The man's broad chest rose and fell slowly. A deep, dense sigh escaped his lips. The swallowed ocean had not sated the infinite Hunger, but it injected a formidable brightness into his irises.
Yet the dimension had not been entirely devoured.
At the center of the dead air, exactly two palms from Zhì Yuǎn's face, something remained. A single drop of liquid.
It was not made of common water. It was the size of a fingernail, dense as lead, pulsing with a deep-blue light that seemed to contain the mass of the entire annihilated ocean. The ambient temperature plummeted. The lethal cold that the small sphere radiated made the air around it hiss in physical protest.
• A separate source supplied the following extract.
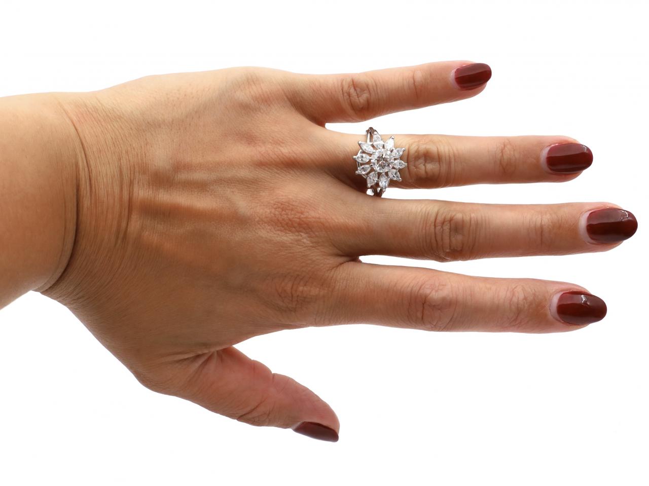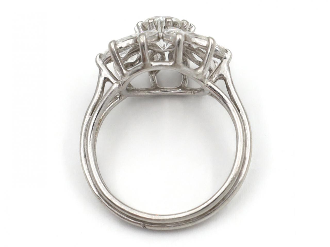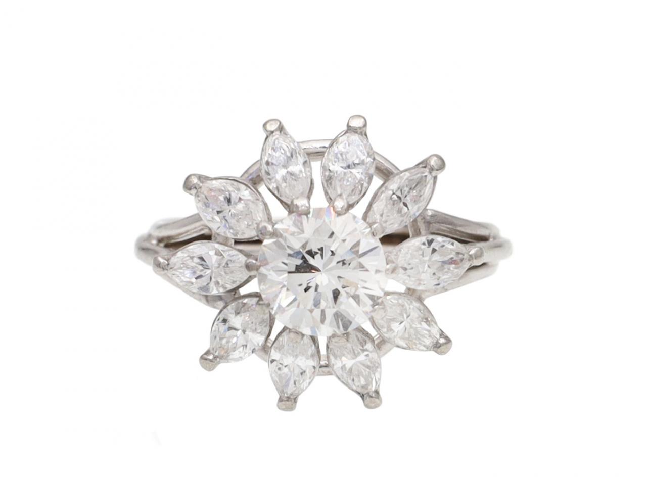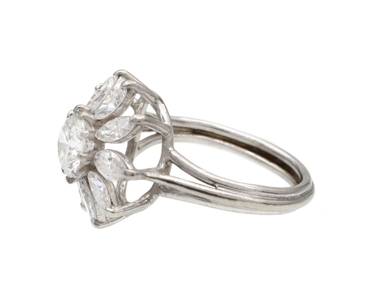 Vintage 18kt white gold diamond fancy cluster ring. Centrally set with an estimated 1.10ct round old European cut diamond in a raised claw setting, encircled by a row of marquise brilliant cut diamonds in claw settings, to a circular floral cluster with curving claws, open structured gallery and flanked to either side with tri-split shoulders which curve and join to a ribbed shank. Estimated total diamond weight 1.70cts.

Zhì Yuǎn's Wisdom dissected it instantly. The crystallized essence that had kept the law of that space flowing since the rupture of the superior world.
"The Primordial Water Drop," the man murmured, his voice echoing in the absolute silence of the void.
He did not swallow it. The Universe he was forging demanded vast fuels, and that raw concentrate had a far more urgent purpose. Instead, he trapped the small blue sphere between his thumb and forefinger.
Zhì Yuǎn turned his face slowly. His abyssal eyes descended upon the figure of the girl who remained sprawled in the gray dust of what had once been her grandfather's pride.
Bái Wǎn trembled uncontrollably. The young woman hugged her own arms, her round, sweaty face turned toward him. This invader's respect for that world had been genuine and academic, and his predation, in the next moment, frighteningly relentless.
Zhì Yuǎn took a step toward the former scholar, the drop of raw power glinting between his fingers. The god's shadow covered the girl's curled body, marking the burial of her old paper dogmas and the excruciating beginning of her biological forging.